Ontario government loans $670M to Norway-based EV battery manufacturer
Ontario Premier Doug Ford is doubling down on investing taxpayer dollars in the electric vehicle sector, despite the failures of previous subsidized projects and plummeting consumer interest
Ontario Premier Doug Ford is doubling down on investing taxpayer dollars in the electric vehicle sector, despite the failures of previous subsidized projects and plummeting consumer interest.
“I think this is the way of the future,” Ford told reporters in St. Thomas, Ont., on Thursday. “This is the way we’re going. That’s the way the world is going, and we’re going to make sure that we’re leaders around the world when it comes to battery manufacturing and electric vehicles.”

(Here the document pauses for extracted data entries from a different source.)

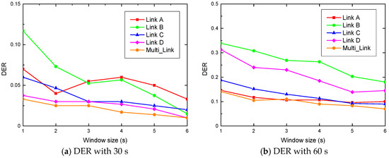 We also observed that the DE rate decreases with the increase of the window size. This is because the variance of a CSI segment changes more obviously as the window size is enlarged. In this case, when the variance of a CSI segment is much smaller than the human motion duration, the system is more sensitive to the moving information. Furthermore, it can be seen that we cannot identify which single antenna link case has the worst or best performance of DER. This is because there is no stable sensitivity for all single wireless links to detect human motion under any situation. Furthermore, it is evident that the mean fluctuation of DER in the graduate dormitory is smaller than that in the research laboratory. This is because of the difference in the space distribution, which is the same reason for the TPR trend differences. There is less multi-path impairment when the smaller enclosed scenario is adopted for the experiment.
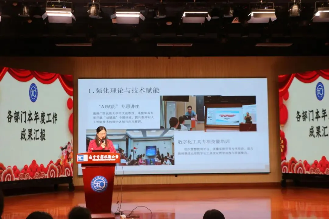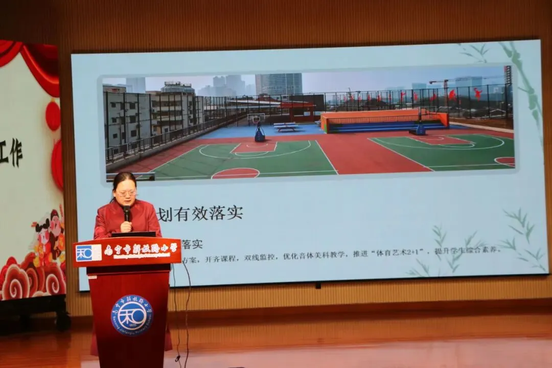 大会伊始,全体教职工合影留念,定格并肩奋斗的温暖瞬间。随后,各部门负责人依次上台汇报,从教育教学、德育活动、后勤保障、校园安全等维度,全面梳理本学期工作亮点与不足,用数据和案例展现了一学期的耕耘与收获。财务负责人作年度经费使用报告,确保经费管理公开透明;与会人员围绕下学期教学质量提升等议题展开热烈讨论,为学校发展建言献策。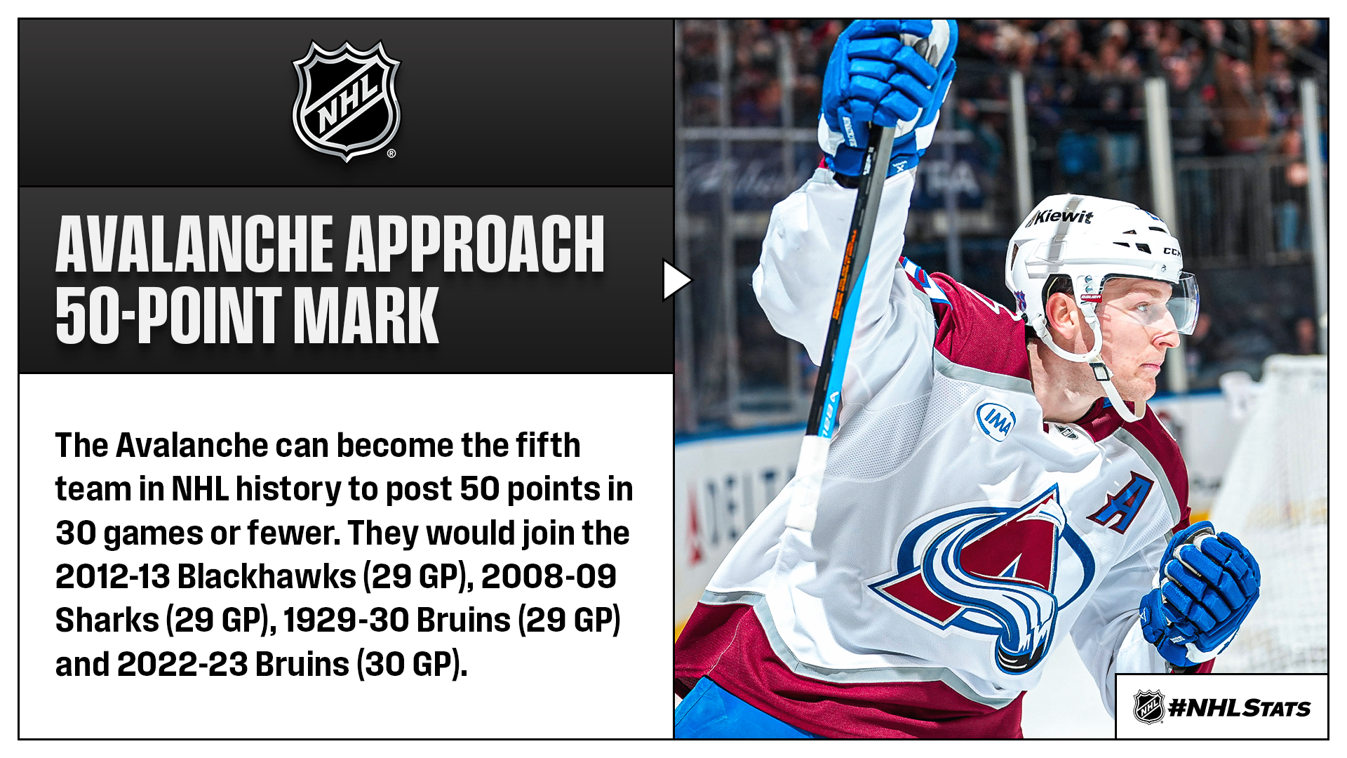 MacKINNON, AVALANCHE CLOSE IN ON 50-POINT MARK DURING TNT DOUBLEHEADER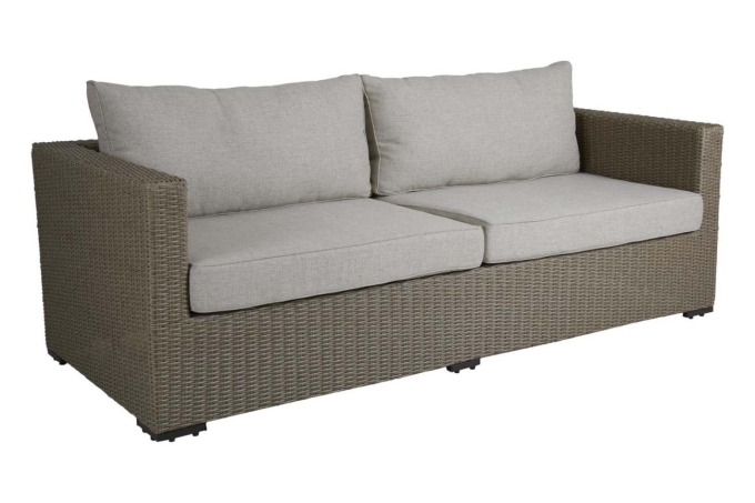 Das Gartensofa Funkia von Brafab ist ein geräumiges Sofa für den Garten das aus synthetischem Rattan gefertigt ist. Das Rattan verleiht dem Sofa eine natürliche Optik während es gleichzeitig witterungsbeständig und langlebig ist. Das Sofa wird mit Sitzkissen die aus Olefin-Stoff gefertigt sind geliefert. Olefin ist ein robustes Material das für den Außenbereich geeignet ist. Dank der Verwendung hochwertiger Materialien ist das Sofa langlebig und kann den täglichen Anforderungen im Freien standhalten. Das geräumige Design bietet ausreichend Platz.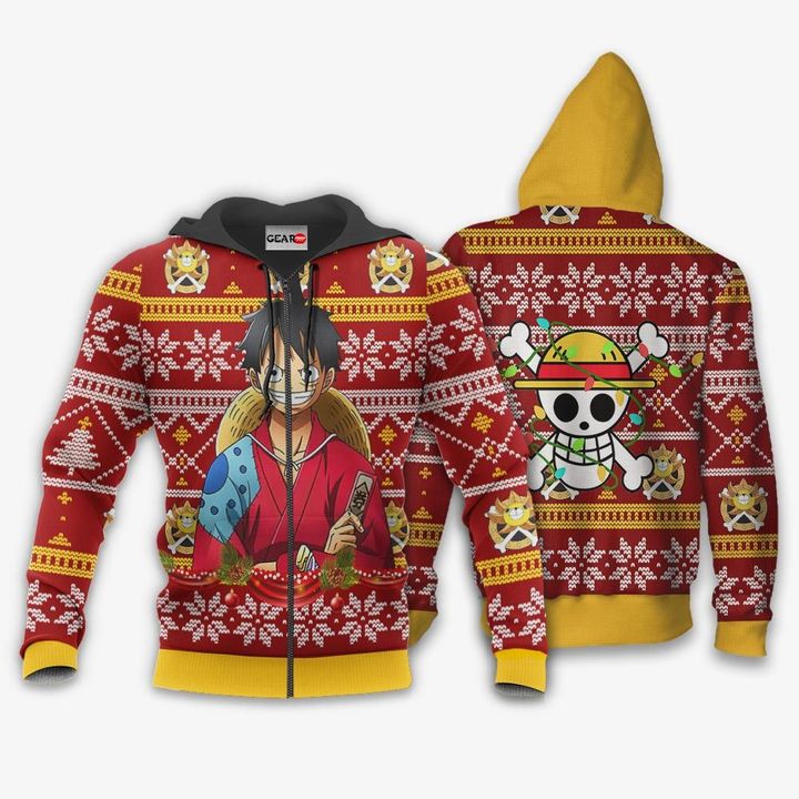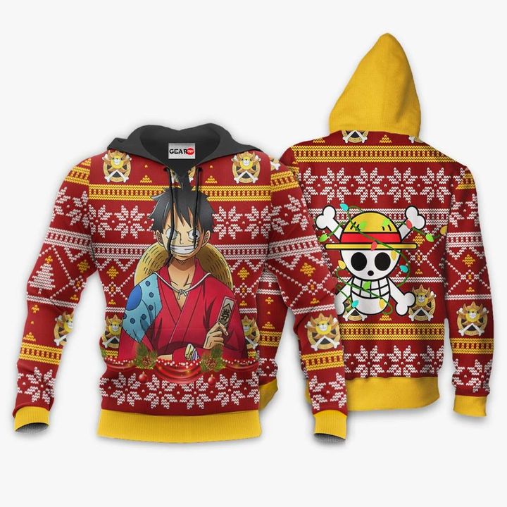 Luffy Ugly Christmas Sweater Pullover Hoodie Custom Wano One Piece Anime Xmas Gifts

Ford’s comments came after he announced that the Ontario government would provide a loan of $670 million to global synthetic graphite manufacturer Vianode to support the construction of a “new state-of-the-art facility in St. Thomas.”
The Norway-based company will invest 3.2 billion in the project, which the Ford government says will “create nearly 300 new, good-paying jobs in its initial phase, with 1,000 jobs expected once the facility is at full operational capacity, generating broad economic benefits across southwestern Ontario.”
“We’re ahead of the curve, and everyone else is going to be playing catch-up,” said Ford. “We’re miles ahead.”
However, despite billions in taxpayer subsidies from both federal and provincial governments in recent years, many automakers are moving away from manufacturing EVs.
Ford’s funding announcement comes in the wake of EV manufacturer Stellantis relocating its Jeep Compass production from Brampton, Ont., to Illinois after receiving $15 billion in taxpayer funding. The move resulted in the loss of approximately 3,000 Canadian jobs.
Ottawa has since begun a formal dispute resolution process in an attempt to recover Canadians’ money.
Similarly, General Motors also announced that it will cease production of its electric van, resulting in 1,200 lost jobs in Ontario last month, citing low consumer interest.
EV sales have been in free fall for some time.
According to Statistics Canada, EV sales dropped 35.2 per cent in June compared to last year. Zero-emission vehicles comprised only 7.9 per cent of total new motor vehicles sold that month, with 14,090 entering the market.
Meanwhile, 177,313 new motor vehicles were sold in Canada in June, up 6.2 per cent from June 2024.
“In dollar terms, sales increased 3.1 per cent during the same period. In June 2025, there were more new motor vehicles sold in every province compared with the same period in 2024,” reads the Statistics Canada data.
“Sales of new passenger cars increased 19.5 per cent in June 2025, marking the first gain in this subsector since November 2024. In June 2025, sales of new trucks (+4.3 per cent) were also higher than one year earlier.”
Then there is the issue of Ottawa’s EV mandates to boost sales, which have failed to meet the federal government’s targets.
A recent study from economic think tank the C.D. Howe Institute called on the Liberals to walk back their 2026 Zero Emissions Vehicle mandate altogether, which it said “faces mounting evidence it was unlikely ever to be met.”
The Carney government is expected to announce changes to its EV mandate in the coming months, which currently requires 20 per cent of new light-vehicle sales to be electric by next year.
However, the report said the mandate “remains unrealistic beyond 2026.”
“Even if incentives return, the targets far exceed what consumers are willing or able to buy,” said Brian Livingston, author of the report. “Mandates alone won’t generate the demand or the vehicles needed to meet these goals.”
According to Livingston’s analysis, under the 2026 requirement, automakers would collectively be forced to spend hundreds of millions of dollars to comply or face more than $200 million in penalties.